START Supplied entries

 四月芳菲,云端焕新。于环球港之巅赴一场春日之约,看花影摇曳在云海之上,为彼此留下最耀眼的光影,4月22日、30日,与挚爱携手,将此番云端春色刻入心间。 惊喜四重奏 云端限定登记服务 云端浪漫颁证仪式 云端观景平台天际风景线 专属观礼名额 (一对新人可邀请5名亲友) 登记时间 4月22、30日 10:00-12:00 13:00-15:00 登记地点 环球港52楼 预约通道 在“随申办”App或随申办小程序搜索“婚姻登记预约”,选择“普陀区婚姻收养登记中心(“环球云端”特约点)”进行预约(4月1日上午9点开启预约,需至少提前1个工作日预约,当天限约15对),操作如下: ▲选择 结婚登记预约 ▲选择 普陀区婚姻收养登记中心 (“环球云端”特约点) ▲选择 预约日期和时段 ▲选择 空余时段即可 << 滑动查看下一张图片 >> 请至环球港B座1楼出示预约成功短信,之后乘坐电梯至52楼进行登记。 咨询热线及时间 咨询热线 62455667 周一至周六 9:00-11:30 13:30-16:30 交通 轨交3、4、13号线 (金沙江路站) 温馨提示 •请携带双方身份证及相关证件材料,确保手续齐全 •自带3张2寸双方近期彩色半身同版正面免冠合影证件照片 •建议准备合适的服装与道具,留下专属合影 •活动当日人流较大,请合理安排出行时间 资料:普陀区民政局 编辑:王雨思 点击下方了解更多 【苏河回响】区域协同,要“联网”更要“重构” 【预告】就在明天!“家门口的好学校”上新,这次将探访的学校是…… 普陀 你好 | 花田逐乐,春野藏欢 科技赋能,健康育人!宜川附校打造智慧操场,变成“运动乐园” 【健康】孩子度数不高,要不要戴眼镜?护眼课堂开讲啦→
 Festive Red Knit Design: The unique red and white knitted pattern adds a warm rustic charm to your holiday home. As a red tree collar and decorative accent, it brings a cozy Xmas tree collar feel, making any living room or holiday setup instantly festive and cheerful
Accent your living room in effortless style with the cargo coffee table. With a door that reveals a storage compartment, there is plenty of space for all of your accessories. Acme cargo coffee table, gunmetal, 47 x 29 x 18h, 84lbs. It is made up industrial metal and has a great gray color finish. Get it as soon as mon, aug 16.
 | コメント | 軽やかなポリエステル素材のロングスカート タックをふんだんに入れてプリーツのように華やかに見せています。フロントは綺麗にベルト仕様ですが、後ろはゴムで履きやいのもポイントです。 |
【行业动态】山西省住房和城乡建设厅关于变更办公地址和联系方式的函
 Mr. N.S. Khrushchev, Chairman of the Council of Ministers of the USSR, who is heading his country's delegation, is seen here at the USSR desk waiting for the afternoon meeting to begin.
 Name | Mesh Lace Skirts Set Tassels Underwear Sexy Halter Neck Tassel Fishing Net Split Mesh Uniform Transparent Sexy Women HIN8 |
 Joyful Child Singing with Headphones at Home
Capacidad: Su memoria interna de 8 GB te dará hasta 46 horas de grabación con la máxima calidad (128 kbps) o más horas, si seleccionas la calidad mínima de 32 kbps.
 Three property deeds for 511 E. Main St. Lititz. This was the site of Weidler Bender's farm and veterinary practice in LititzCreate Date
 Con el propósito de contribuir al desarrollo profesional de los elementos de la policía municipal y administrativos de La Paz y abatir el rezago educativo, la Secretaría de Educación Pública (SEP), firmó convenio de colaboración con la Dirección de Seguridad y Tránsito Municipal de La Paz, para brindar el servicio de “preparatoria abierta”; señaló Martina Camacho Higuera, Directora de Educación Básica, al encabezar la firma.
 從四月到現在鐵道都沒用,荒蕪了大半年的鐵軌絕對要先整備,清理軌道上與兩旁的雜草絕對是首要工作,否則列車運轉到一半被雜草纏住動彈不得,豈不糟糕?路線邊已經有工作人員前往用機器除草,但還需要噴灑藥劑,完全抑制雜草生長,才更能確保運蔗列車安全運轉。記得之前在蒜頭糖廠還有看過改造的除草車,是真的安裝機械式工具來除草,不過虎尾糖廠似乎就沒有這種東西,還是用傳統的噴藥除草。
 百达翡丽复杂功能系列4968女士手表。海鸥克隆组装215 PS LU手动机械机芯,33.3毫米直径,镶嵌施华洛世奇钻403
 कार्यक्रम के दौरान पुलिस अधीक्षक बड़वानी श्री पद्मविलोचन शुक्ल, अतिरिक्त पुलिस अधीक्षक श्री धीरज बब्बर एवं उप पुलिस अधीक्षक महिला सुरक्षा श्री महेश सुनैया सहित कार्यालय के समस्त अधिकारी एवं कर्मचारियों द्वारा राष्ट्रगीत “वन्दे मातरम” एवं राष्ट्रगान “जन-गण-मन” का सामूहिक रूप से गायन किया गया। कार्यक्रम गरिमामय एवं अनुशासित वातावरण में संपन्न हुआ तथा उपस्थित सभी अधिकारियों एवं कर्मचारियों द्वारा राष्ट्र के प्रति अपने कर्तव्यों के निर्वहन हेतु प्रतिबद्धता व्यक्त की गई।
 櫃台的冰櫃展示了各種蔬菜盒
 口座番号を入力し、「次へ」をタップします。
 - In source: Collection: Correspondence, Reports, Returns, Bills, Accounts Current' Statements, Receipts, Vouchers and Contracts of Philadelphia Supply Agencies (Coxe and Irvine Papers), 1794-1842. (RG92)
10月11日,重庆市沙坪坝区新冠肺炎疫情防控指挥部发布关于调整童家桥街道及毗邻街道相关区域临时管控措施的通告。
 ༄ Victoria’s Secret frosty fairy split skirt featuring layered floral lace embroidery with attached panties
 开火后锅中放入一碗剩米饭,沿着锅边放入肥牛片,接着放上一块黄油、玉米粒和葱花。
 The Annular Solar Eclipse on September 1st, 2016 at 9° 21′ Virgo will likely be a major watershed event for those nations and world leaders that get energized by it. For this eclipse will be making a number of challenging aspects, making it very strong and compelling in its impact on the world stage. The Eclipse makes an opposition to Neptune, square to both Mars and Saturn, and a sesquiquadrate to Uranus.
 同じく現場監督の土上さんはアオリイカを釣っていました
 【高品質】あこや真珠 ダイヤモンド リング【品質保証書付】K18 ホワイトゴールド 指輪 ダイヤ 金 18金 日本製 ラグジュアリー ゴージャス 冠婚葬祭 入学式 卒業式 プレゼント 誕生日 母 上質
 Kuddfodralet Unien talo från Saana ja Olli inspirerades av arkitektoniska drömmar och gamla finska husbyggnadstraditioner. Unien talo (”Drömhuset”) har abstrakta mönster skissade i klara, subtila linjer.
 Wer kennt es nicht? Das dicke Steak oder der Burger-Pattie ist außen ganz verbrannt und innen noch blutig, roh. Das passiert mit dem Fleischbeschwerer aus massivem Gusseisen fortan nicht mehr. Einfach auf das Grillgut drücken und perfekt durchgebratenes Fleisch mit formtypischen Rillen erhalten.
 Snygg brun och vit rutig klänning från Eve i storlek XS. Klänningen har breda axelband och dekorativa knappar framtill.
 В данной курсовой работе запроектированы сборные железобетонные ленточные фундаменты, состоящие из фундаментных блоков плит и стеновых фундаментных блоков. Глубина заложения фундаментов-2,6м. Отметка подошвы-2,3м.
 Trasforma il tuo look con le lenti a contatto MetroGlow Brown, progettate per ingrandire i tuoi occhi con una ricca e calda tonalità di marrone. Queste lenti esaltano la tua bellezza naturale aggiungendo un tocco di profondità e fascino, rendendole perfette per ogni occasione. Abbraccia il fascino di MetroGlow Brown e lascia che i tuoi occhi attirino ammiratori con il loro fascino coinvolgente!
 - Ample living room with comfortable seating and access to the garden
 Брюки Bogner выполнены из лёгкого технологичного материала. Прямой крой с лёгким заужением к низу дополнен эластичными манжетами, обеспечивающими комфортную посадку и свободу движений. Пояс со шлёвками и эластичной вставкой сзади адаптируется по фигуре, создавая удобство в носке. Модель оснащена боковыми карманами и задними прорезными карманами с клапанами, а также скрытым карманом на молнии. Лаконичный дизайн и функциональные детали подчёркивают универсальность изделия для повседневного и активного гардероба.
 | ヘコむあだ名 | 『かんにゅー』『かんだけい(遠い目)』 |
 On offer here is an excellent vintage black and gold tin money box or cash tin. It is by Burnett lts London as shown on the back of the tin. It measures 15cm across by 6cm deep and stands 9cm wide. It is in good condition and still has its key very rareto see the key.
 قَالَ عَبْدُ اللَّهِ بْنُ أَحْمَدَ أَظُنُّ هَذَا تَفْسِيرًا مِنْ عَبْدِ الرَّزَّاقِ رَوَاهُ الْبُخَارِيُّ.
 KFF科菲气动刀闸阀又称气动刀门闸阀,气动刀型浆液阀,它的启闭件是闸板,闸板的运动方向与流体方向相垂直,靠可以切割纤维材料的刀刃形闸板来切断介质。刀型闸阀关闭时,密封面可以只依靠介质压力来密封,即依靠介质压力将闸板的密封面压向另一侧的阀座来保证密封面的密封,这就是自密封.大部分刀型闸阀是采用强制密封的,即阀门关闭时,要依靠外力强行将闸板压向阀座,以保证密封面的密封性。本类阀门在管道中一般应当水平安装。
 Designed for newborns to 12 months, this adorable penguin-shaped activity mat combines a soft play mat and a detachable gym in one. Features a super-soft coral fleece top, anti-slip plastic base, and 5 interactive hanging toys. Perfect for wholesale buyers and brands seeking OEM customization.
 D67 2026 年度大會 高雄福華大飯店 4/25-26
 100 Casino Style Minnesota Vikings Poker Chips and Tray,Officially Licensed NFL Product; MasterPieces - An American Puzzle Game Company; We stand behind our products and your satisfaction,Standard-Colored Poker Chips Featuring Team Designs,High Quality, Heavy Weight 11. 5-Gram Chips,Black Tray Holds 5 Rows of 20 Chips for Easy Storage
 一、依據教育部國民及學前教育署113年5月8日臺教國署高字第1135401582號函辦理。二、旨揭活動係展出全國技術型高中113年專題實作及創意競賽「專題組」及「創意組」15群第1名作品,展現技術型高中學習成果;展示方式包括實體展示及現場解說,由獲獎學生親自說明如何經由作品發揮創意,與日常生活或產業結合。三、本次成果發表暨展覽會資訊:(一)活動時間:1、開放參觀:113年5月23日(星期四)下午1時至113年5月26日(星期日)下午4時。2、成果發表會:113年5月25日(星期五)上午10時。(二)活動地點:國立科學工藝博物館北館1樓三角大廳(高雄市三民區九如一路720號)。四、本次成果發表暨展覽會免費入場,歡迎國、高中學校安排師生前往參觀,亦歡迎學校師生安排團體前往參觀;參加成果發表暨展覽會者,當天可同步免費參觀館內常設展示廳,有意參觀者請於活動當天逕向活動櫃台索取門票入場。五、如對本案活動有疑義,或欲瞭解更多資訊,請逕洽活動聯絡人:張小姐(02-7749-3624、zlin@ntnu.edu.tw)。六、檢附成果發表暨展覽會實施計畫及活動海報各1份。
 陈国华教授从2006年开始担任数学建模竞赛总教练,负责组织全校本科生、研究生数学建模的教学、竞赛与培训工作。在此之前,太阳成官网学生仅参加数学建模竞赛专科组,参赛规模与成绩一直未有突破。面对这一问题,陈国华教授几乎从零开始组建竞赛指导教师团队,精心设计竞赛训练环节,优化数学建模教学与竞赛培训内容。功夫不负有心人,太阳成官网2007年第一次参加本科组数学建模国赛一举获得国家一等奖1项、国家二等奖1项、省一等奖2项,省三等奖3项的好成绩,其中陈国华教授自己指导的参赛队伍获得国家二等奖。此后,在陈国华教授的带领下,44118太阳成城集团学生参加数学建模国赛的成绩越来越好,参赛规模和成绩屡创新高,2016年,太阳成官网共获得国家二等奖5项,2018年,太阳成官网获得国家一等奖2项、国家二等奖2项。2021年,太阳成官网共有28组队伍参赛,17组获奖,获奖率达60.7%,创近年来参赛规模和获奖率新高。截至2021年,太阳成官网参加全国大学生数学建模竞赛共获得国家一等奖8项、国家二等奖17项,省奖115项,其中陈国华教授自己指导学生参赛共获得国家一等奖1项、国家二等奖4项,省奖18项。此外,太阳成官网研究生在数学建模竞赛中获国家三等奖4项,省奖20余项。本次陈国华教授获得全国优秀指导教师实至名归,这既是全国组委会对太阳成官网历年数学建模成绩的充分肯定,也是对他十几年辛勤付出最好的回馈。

END Supplied entries

Above are the records; print exactly the lines from the line with "Wer kennt es" to the line with "- Ample living", including both, and nothing else.

*Result for this exercise*.
 Wer kennt es nicht? Das dicke Steak oder der Burger-Pattie ist außen ganz verbrannt und innen noch blutig, roh. Das passiert mit dem Fleischbeschwerer aus massivem Gusseisen fortan nicht mehr. Einfach auf das Grillgut drücken und perfekt durchgebratenes Fleisch mit formtypischen Rillen erhalten.
 Snygg brun och vit rutig klänning från Eve i storlek XS. Klänningen har breda axelband och dekorativa knappar framtill.
 В данной курсовой работе запроектированы сборные железобетонные ленточные фундаменты, состоящие из фундаментных блоков плит и стеновых фундаментных блоков. Глубина заложения фундаментов-2,6м. Отметка подошвы-2,3м.
 Trasforma il tuo look con le lenti a contatto MetroGlow Brown, progettate per ingrandire i tuoi occhi con una ricca e calda tonalità di marrone. Queste lenti esaltano la tua bellezza naturale aggiungendo un tocco di profondità e fascino, rendendole perfette per ogni occasione. Abbraccia il fascino di MetroGlow Brown e lascia che i tuoi occhi attirino ammiratori con il loro fascino coinvolgente!
 - Ample living room with comfortable seating and access to the garden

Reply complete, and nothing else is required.